Required work: Down to the last line, reproduce the data that follows, but skip the pictures.

Information shown:

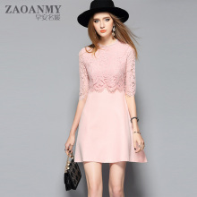 2017春装新款名媛立领中袖蕾丝拼接波点雪纺连衣裙夏季宽松蛋糕裙
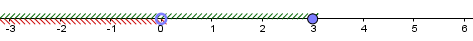- либо \(\displaystyle x-3\le 0{ \small ,}\, x< 0\) – числитель неположителен, знаменатель отрицателен.
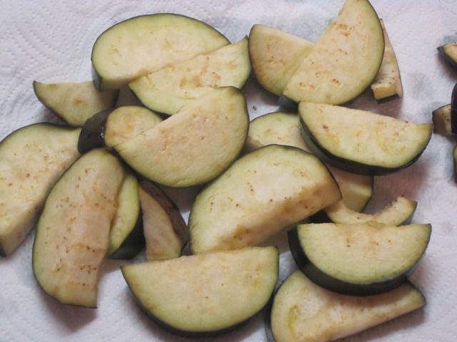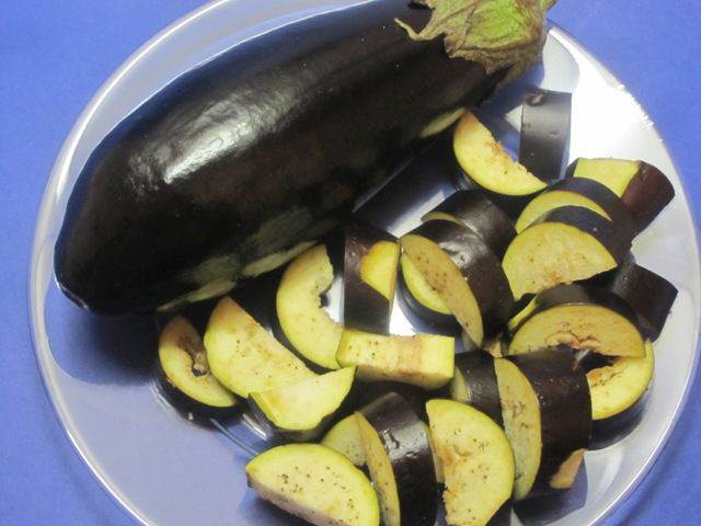 • Баклажаны вымыть и обсушить. Затем разрезать пополам и нарезать ломтиками.

Completed exercise:
 2017春装新款名媛立领中袖蕾丝拼接波点雪纺连衣裙夏季宽松蛋糕裙
- либо \(\displaystyle x-3\le 0{ \small ,}\, x< 0\) – числитель неположителен, знаменатель отрицателен.
 • Баклажаны вымыть и обсушить. Затем разрезать пополам и нарезать ломтиками.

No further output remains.